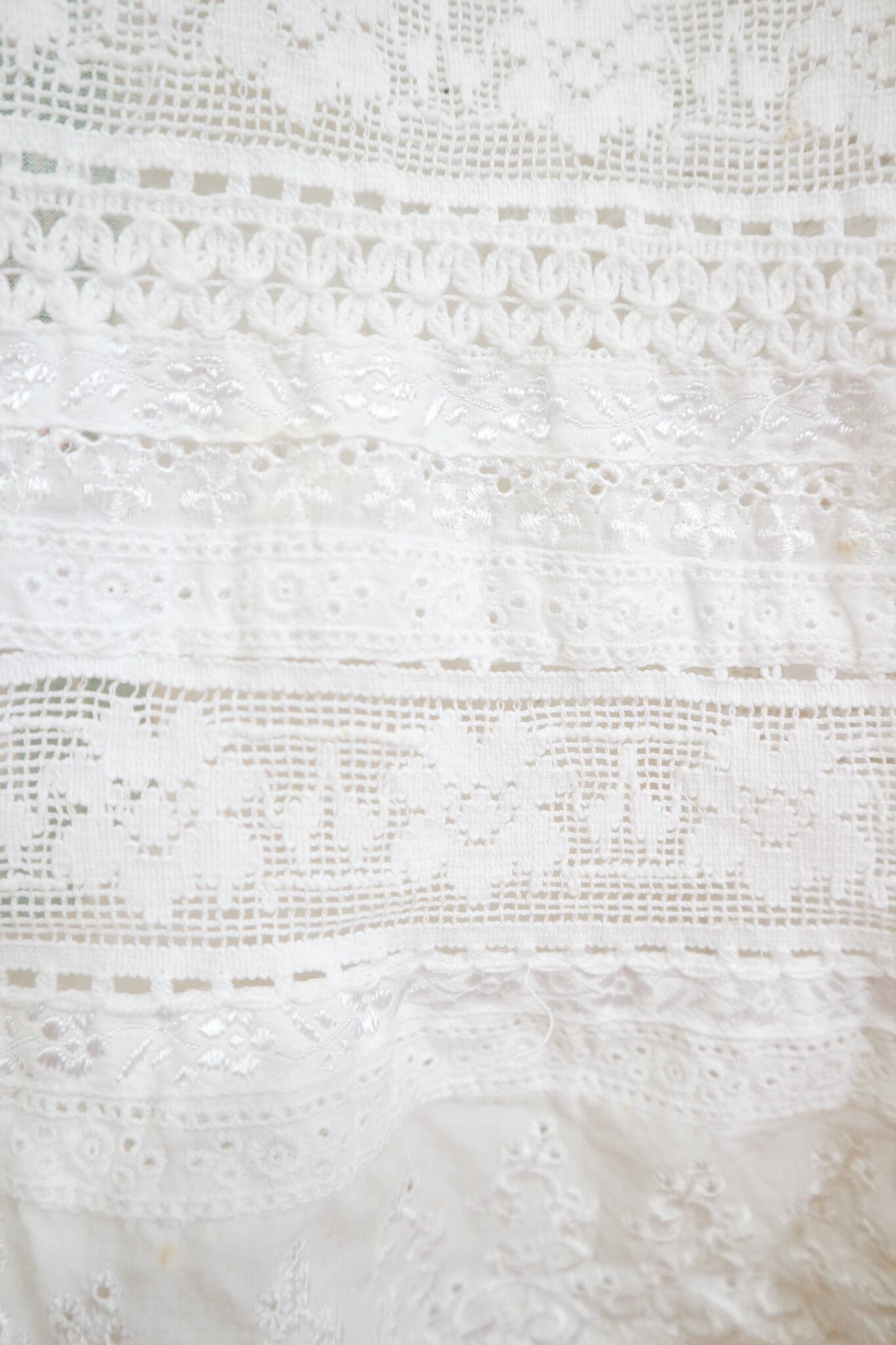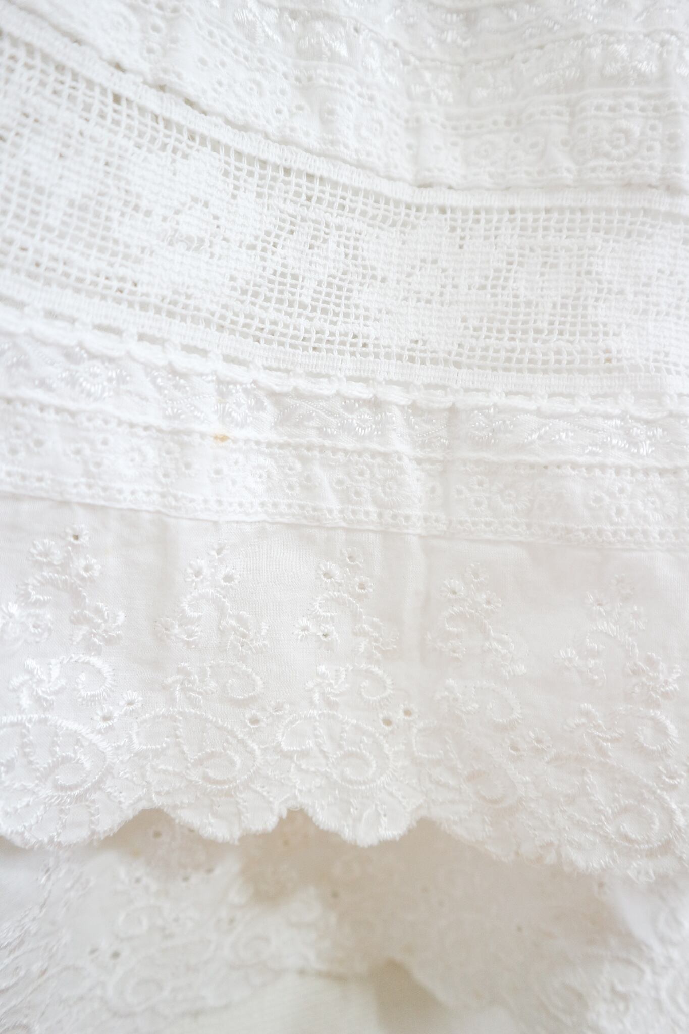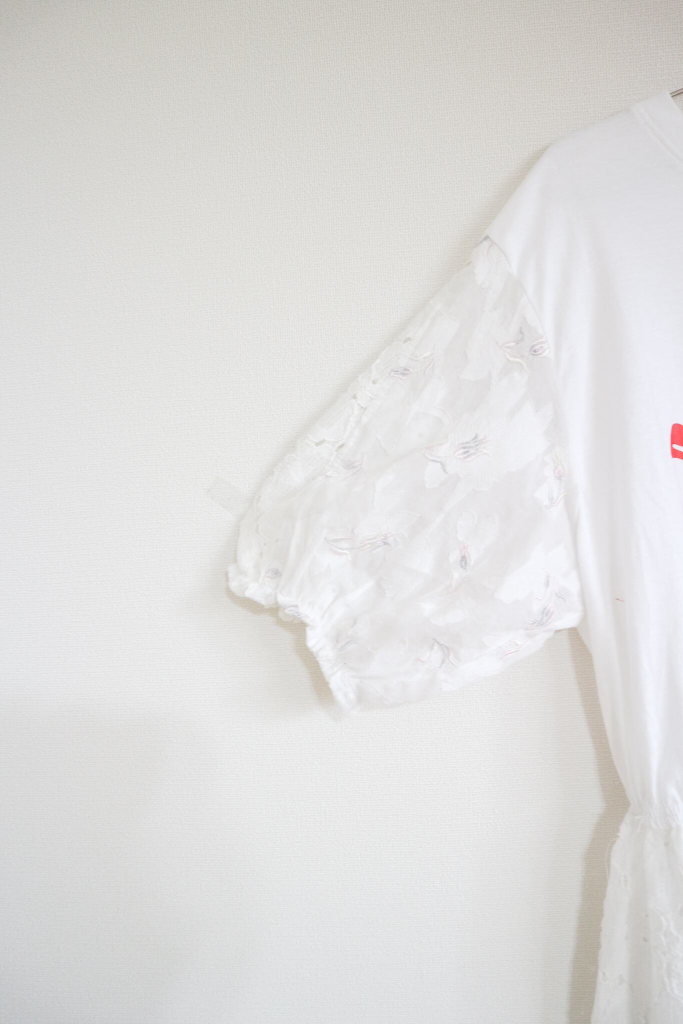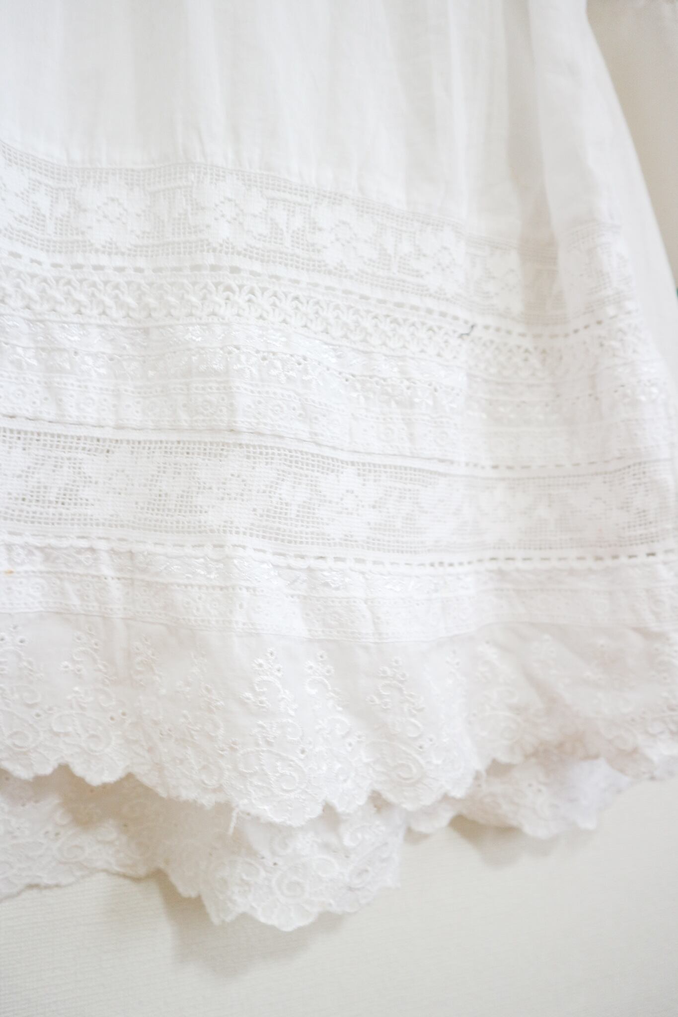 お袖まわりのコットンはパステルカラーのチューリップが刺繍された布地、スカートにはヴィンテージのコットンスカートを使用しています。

──────

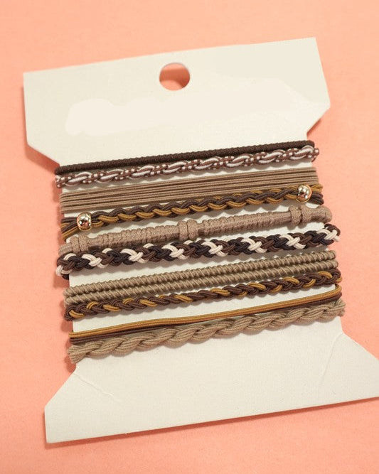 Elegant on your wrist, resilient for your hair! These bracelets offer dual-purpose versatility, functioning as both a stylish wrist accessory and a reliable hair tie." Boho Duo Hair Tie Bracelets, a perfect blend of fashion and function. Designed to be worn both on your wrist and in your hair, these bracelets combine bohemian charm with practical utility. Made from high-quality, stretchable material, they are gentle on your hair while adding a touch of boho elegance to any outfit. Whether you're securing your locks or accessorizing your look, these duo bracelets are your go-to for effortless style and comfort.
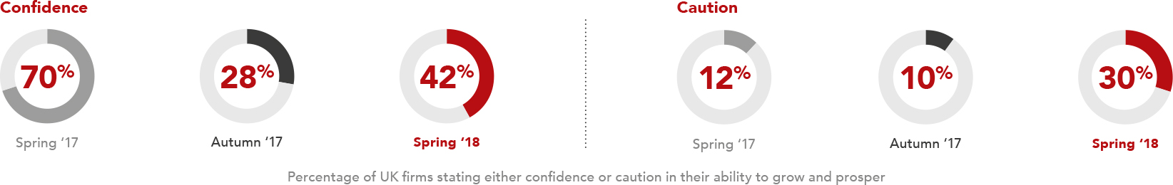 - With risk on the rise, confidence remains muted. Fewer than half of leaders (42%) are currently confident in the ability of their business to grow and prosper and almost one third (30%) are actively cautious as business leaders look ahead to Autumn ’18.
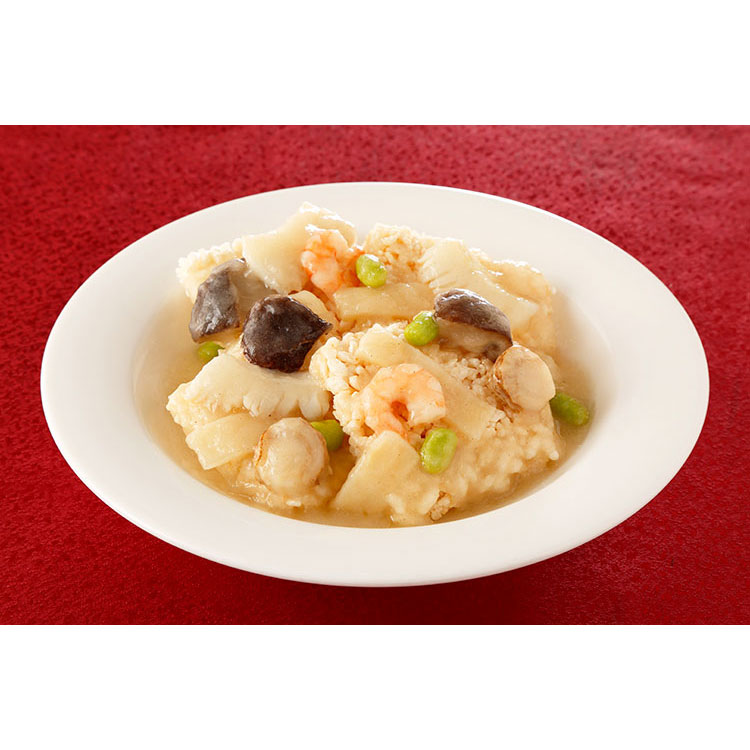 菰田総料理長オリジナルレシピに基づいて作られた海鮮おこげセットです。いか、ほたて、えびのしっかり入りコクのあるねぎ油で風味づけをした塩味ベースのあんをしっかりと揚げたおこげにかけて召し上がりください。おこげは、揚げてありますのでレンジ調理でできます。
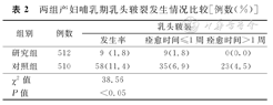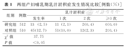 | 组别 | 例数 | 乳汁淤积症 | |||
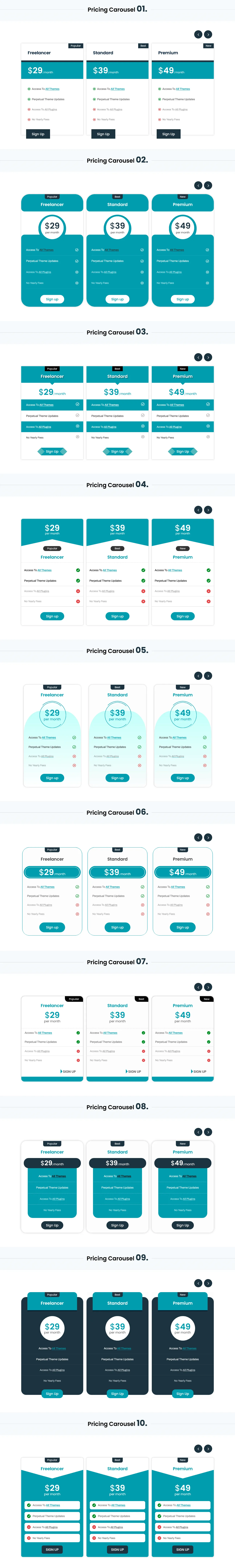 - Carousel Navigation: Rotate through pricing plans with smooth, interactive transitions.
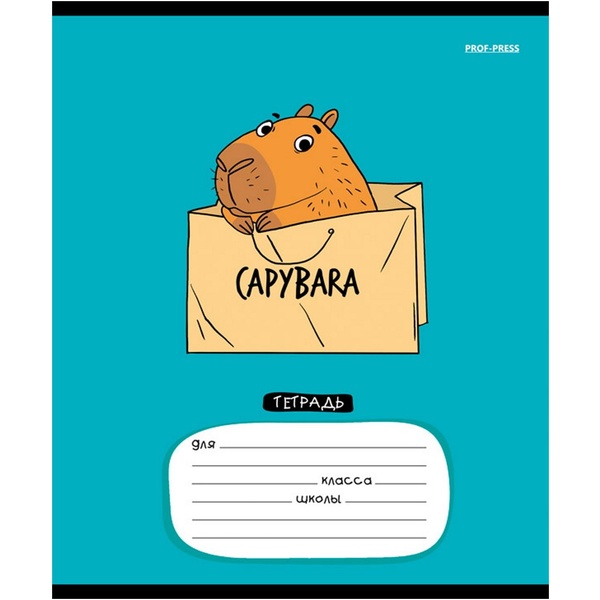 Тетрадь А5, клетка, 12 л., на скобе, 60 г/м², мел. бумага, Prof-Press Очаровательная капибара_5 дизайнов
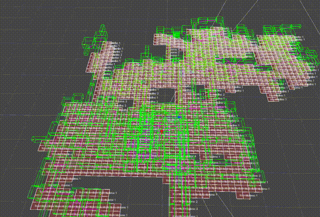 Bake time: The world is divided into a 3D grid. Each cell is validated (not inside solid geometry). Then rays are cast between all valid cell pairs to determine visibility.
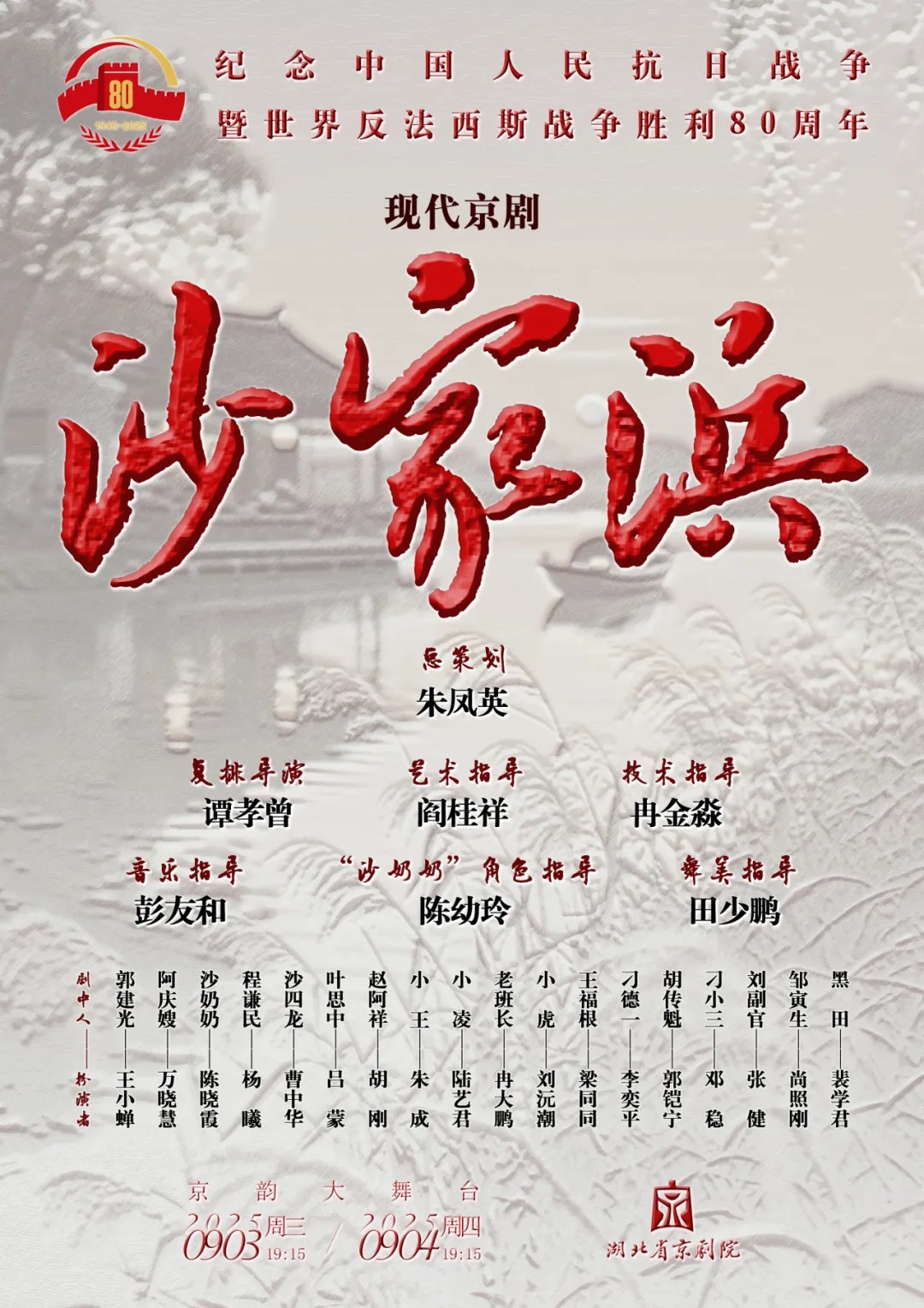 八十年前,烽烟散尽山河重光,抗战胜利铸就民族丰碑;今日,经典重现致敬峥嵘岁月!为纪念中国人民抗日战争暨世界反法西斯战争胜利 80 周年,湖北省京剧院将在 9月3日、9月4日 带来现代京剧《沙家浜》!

──────

* [TASK TO CARRY OUT]: I would like the exact lines from the data above, starting with the one that holds "Bake time: The" and going on through the one that holds "周年,湖北省京剧院将在 9月3日、9月4日 带来现代京剧《沙家浜》!", without the pictures.

* [EXERCISE ANSWER]:
 Bake time: The world is divided into a 3D grid. Each cell is validated (not inside solid geometry). Then rays are cast between all valid cell pairs to determine visibility.
 八十年前,烽烟散尽山河重光,抗战胜利铸就民族丰碑;今日,经典重现致敬峥嵘岁月!为纪念中国人民抗日战争暨世界反法西斯战争胜利 80 周年,湖北省京剧院将在 9月3日、9月4日 带来现代京剧《沙家浜》!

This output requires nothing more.